My friend Paul Schumann has for some time now been trying to put together principles for an "innovation commons," which he defines this way: "An innovation commons is a space (physical or virtual) that enables innovation through the mutual and interdependent creativity of its members. It has the following characteristics:

* Open system (bounded)
* Everyone contributes
* Everyone can use the results
* Members who don’t contribute are excluded
* Fluid & flexible
* An abundant resource system

Other names that people have used to describe this type of system are open source, open innovation, democratic innovation, inclusive innovation, peer to peer (P2P), smart mobs and free agent collaboration."

Paul notes that some attempts to create an innovation commons have succeeded and some have failed. His project is to try to find out what are principles of a successful innovation commons?

The discussion about this is taking place via a blog. There's also a newsletter. And a survey that's open now. You can find out more about it here.

I just finished taking the survey, and I think that the fewer "principles" and rules, the better. I'd love it if we could get down to the most basic. Be flexible, responsible, and honorable. Maybe there are more, but those three say a lot.

Comments (1) | Category: Innovation, General


1. kaveh on October 13, 2005 11:19 AM writes...

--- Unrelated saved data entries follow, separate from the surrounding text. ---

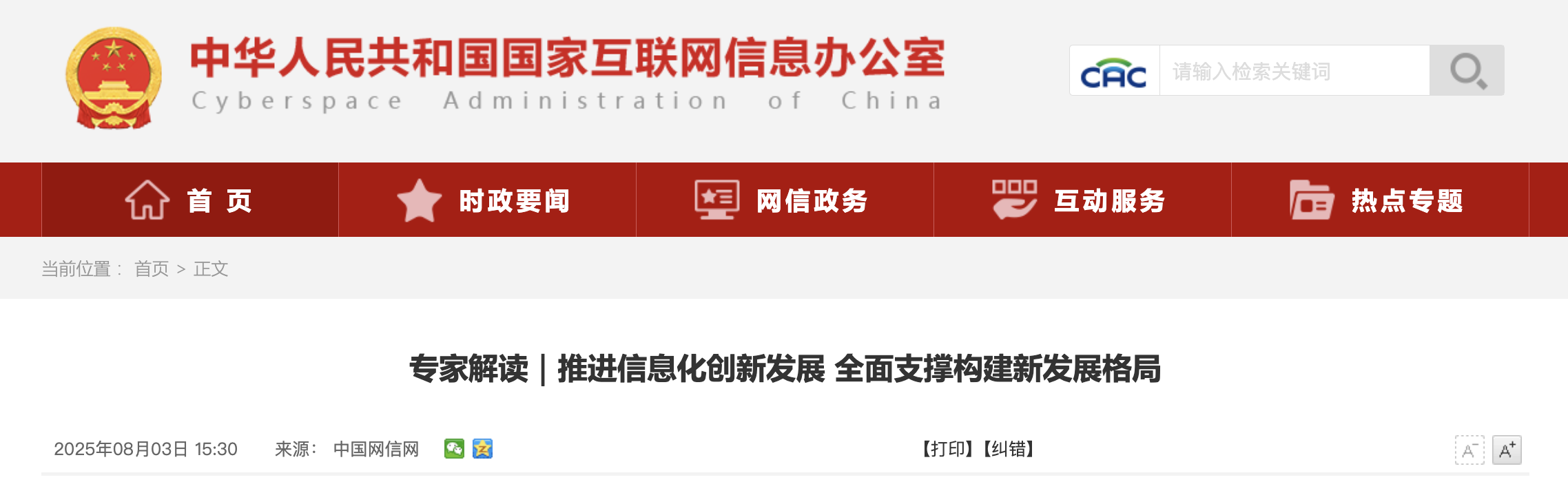 信息来源:中央网络安全和信息化委员办公室 https://www.cac.gov.cn/2025-08/03/c_1755948727822002.htm
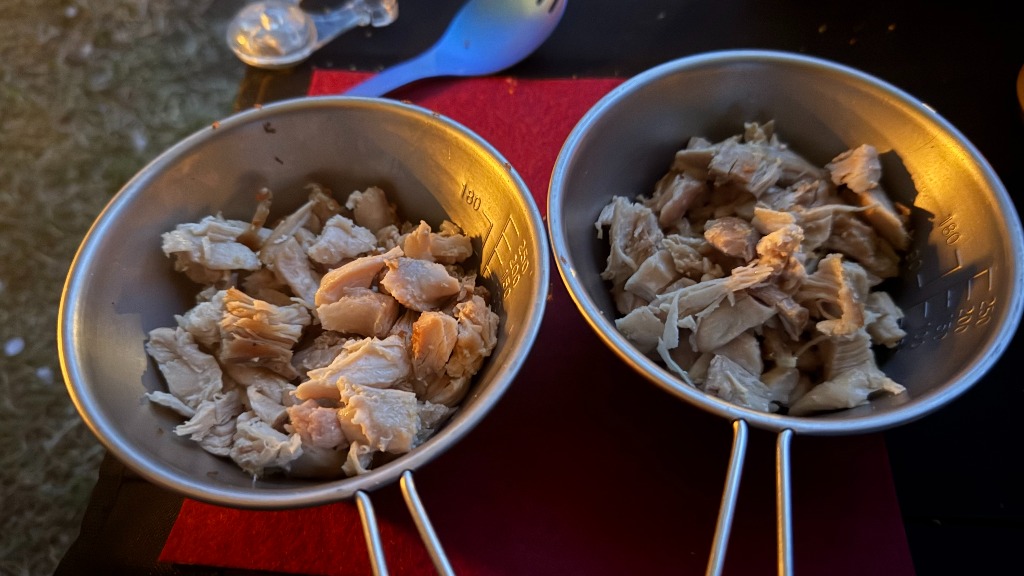 鶏もも肉を焼いてわんこ達にあたえます。2匹とも匂いに誘われてフライパンの近くにやって来ました。
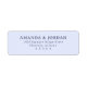This elegant label features a clean, minimalist design with ample negative space and a soothing light blue background. The typography is sophisticated, using a medium-weight serif font that adds a touch of formality to the layout. Perfect for personalizing wedding stationery or formal invitations, this label offers customizable sections for names, addresses, and ZIP codes, ensuring it can be tailored to any special occasion. Its simple yet refined aesthetic conveys sophistication and clarity, making it ideal for those seeking a timeless and polished look.
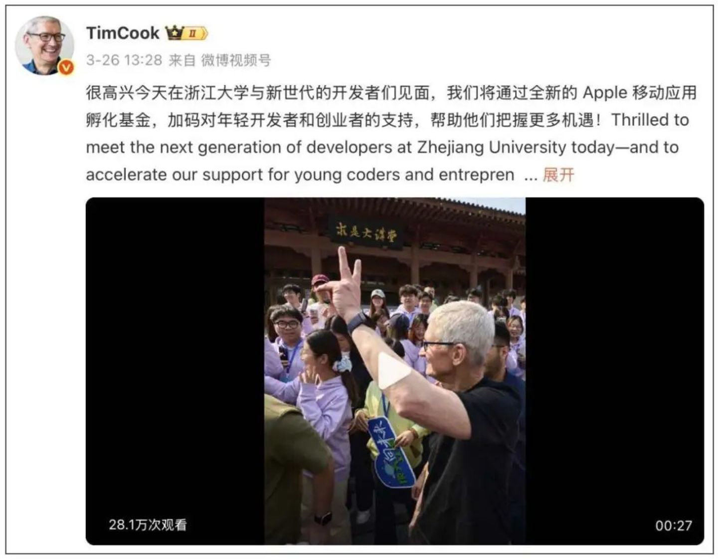 3月26日,库克去了浙江大学,宣布设立“Apple移动应用孵化基金”,投入3000万元人民币,聚焦App开发、产品设计与市场营销培训,并引入导师制与投资人对接机制。

I love the idea. For some time, I have been wondering how to go about creating a physical space, much like writers rooms ( opening in NYC and LA) for local thinkers, innovators, inventors, artists to participate in a 'open source' projects. Physical space because I believe as much in execution (evern if it's just going through the prototyping exercise) as in ideation.

I have many ideas on how to seed such community/space and keep it going once it gets started, but coming up w. rules of the game and creating the sandbox is one of the most challenging aspects of a project like this.

Thanks for the post ... looking forward to learning more on "innovation Commons".